DESCRIPTION OF SYMBOLS 1, 1a, 1b, 1c ... Electronic component mounting apparatus 10, 60, 70 ... Bonding tool, 10a, 64a ... Suction hole, 12 ... Unwinding reel, 14 ... Winding reel, 16 ... 1st guide roller, 18 ... Second guide roller, 20 ... punching mechanism, 22 ... punch, 22a ... head , 22b ... punch , 24 ... pressing member, 24a ... opening, 30 ... release film, 30a ... opening, 40 ... semiconductor Chip, 42 ... Bump electrode, 50 ... Wiring substrate, 52 ... Connection electrode, 54 ... Sealing resin, 55 ... Bonding stage, 62 ... Upper member, 62a ... Opening portion, 64 ... Lower member, 64x ... Recess, 66 ... Drilling needle, 66a ... head part, 66b ... cutting needle part, 70a ... elongate suction hole, 70b ... suction port, C1 ... first gap, C2 ... second gap, S ... step part, H ... hollow part.

Claims (6)

A bonding tool having a suction hole for sucking an electronic component through a long release film being conveyed;
A punching mechanism for forming an opening hole in the release film, which is provided at a position of a conveyance path in a stage before the release film is disposed on the bonding tool, and communicates with the suction hole of the bonding tool; Have
The release film is transported to the bonding tool at a required transport pitch after the opening hole is formed by the punching mechanism, and the opening hole of the release film communicates with the suction hole of the bonding tool.

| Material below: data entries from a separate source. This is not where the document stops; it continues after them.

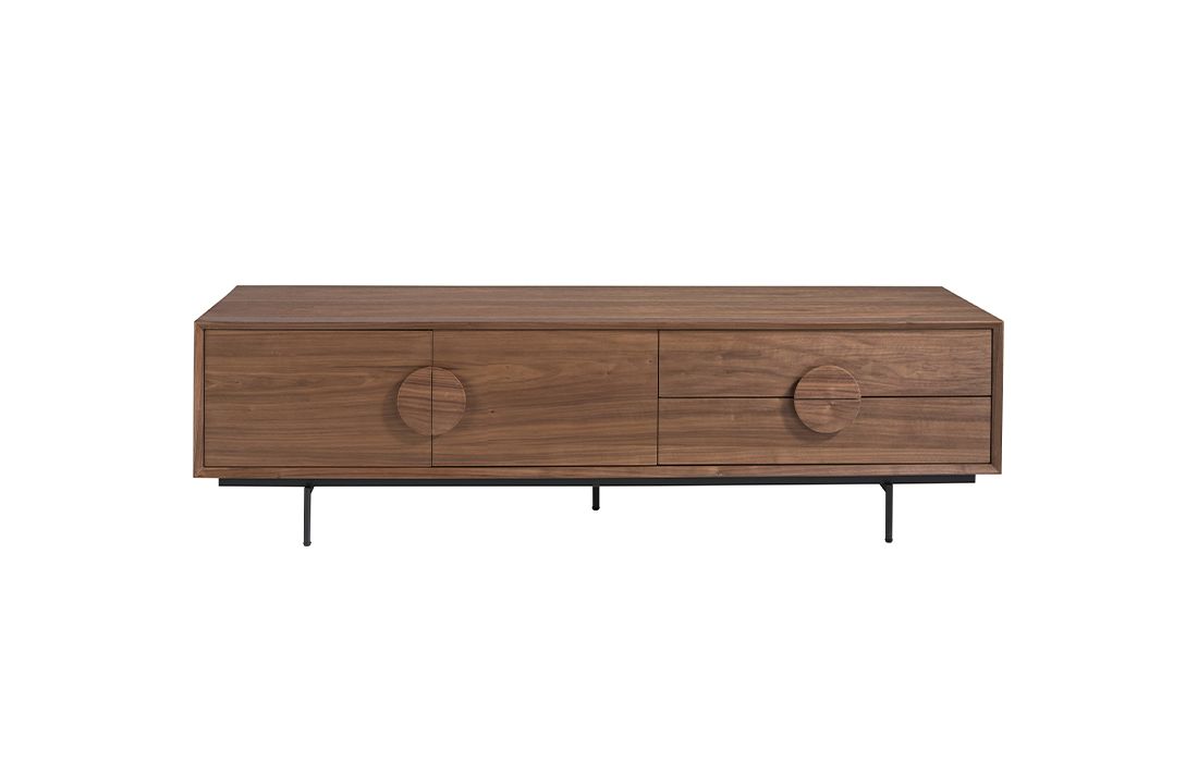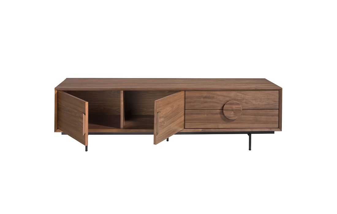 Walnut veneered TV stand with two drawers and two doors, black stainless steel base frame
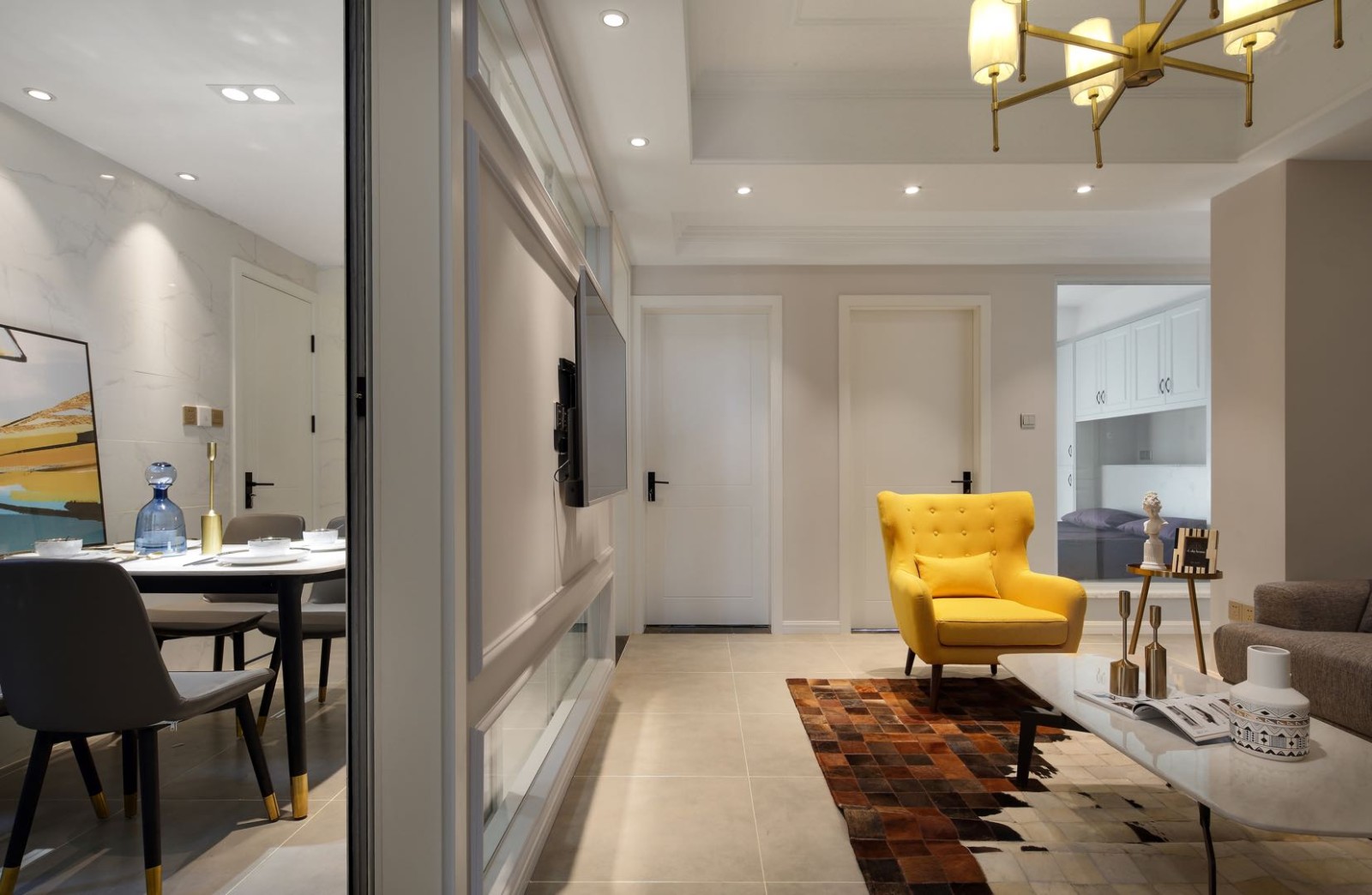 客餐厅的互动性,悬空的背景墙,让空间更加灵活起来
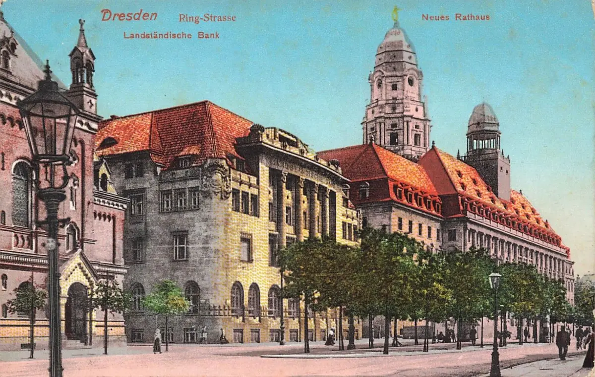 Ring Strasse, Neues Rathaus und Landständische Bank Dresden Sachsen Postkarte AK

An electronic component mounting apparatus characterized by:   The electronic component mounting apparatus according to claim 1, wherein the suction hole of the bonding tool includes a plurality of elongated suction holes arranged side by side. 3. The electronic component mounting apparatus according to claim 1, wherein the punching mechanism includes a mold for punching the release film by pressing a punching punch against an opening of a pressing member. The release film is conveyed from the unwinding reel, the electronic component mounting apparatus according to any one of claims 1 to 3, characterized in that the wound on the take-up reel via the bonding tool. Use one of the electronic component mounting apparatus of claims 1 to 4, by sucking the suction hole of the bonding tool, the electronic component via the release film is adsorbed to the bonding tool, the electronic component A method for mounting an electronic component comprising flip-chip connecting a wiring board to a wiring substrate through a sealing resin. 6. The electronic component mounting method according to claim 5 , wherein the electronic component is a semiconductor chip having a thickness of 10 to 500 [mu] m.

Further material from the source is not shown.